Run that command, then view the data in Datasette again. Those columns have now been converted!
Extracting columns into a separate table
There's one more improvement we will make to our data.
Open the table in Datasette, then use either the suggested facets list or the cog menu at the top of the columns to facet by both DCODE and MORTALITY.

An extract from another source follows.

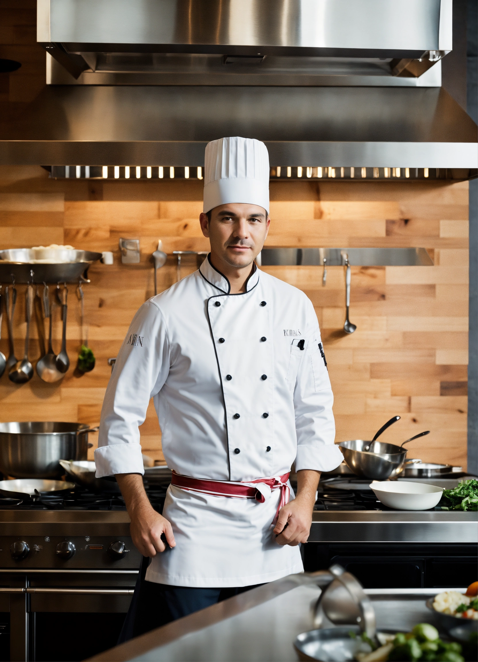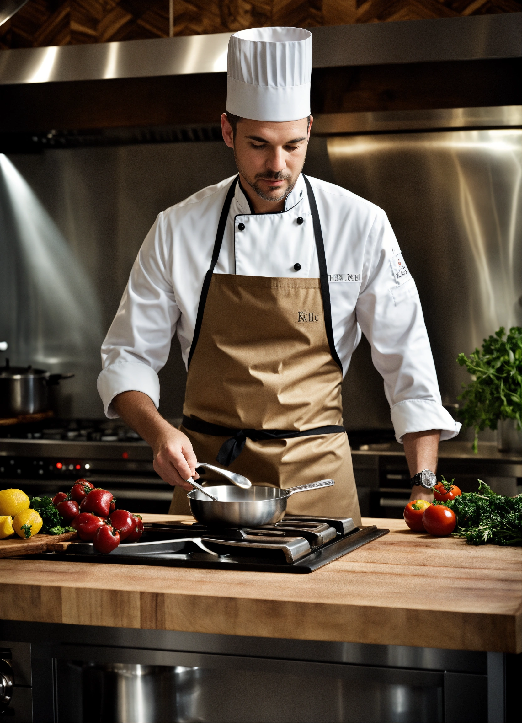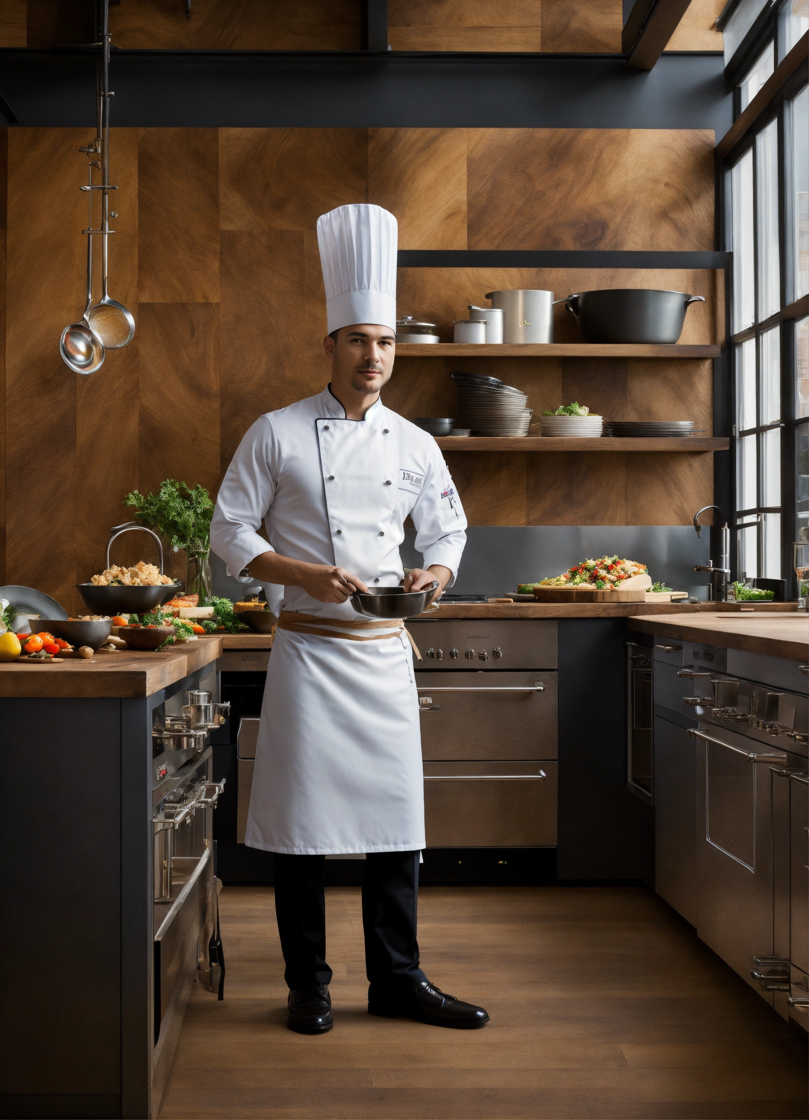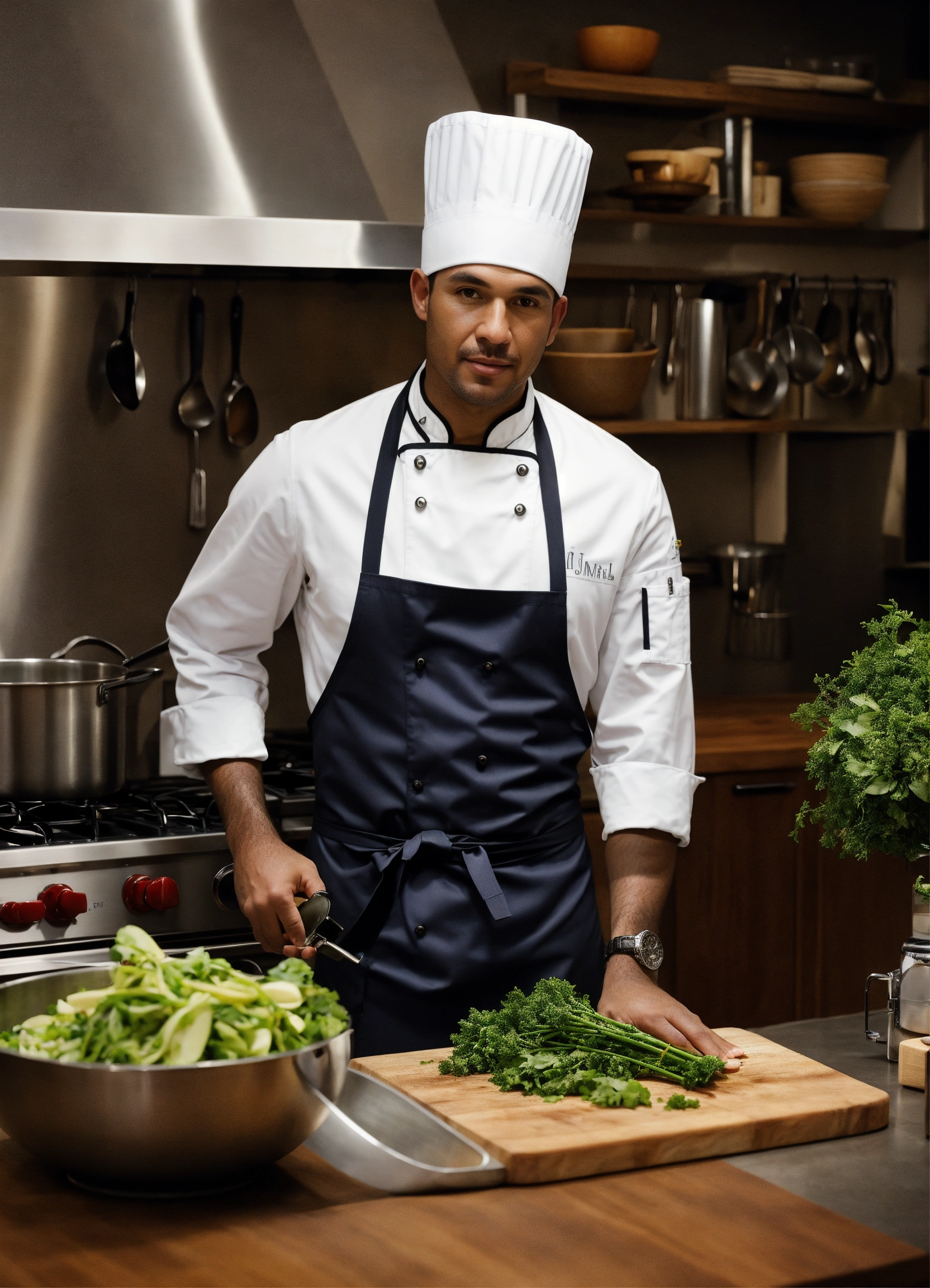 Imagine a modern-day setting, a sleek, high-tech kitchen studio filled with the latest cooking equipment, gadgets, and cameras. the backdrop is adorned with a mix of steel and warm wood, exuding both sophistication and comfort. a man steps into the frame. he is dressed in a perfectly tailored chef's uniform, complete with a monogrammed apron and a traditional chef's hat.

The result counts shown for the two facets are the same. This suggests that these two columns represent the same data - a DCODE of 1 corresponds to a MORTALITY of ""Human Related: Watercraft Collision"", 2 means ""Human Related: Flood Gate/Canal Lock"" and so on.
We can use the sqlite-utils extract command to extract these columns into a separate table.
sqlite-utils extract manatees.db locations DCODE MORTALITY \
  --rename MORTALITY name \
  --table mortality

Running this will create a new table called mortality and populate it with one row for each of the DCODE and MORTALITY pairs in the database. It removes those columns from the locations table and replaces them with a mortality_id foreign key column pointing to the new table.
Here's the output of sqlite-utils schema manatees.db showing the impact of those changes on the schema:
CREATE TABLE [mortality] (
  [id] INTEGER PRIMARY KEY,
  [DCODE] INTEGER,
  [name] TEXT
);
CREATE TABLE ""locations"" (
  [FIELDID] TEXT PRIMARY KEY,
  [REPDATE] TEXT,
  [REPYEAR] INTEGER,
  [REPMONTH] INTEGER,
  [REPDAY] INTEGER,
  [SEX] TEXT,
  [TLENGTH] FLOAT,
  [COUNTY] TEXT,
  [latitude] FLOAT,
  [longitude] FLOAT,
  [mortality_id] INTEGER,
  [created_date] TEXT,
  [last_edited_date] TEXT,
  FOREIGN KEY([mortality_id]) REFERENCES [mortality]([id])
);
CREATE UNIQUE INDEX [idx_mortality_DCODE_name]
   ON [mortality] ([DCODE], [name]);

Further reading
sqlite-utils offers a lot more tools for cleaning up data. Check out this documentation and these blog posts for more details.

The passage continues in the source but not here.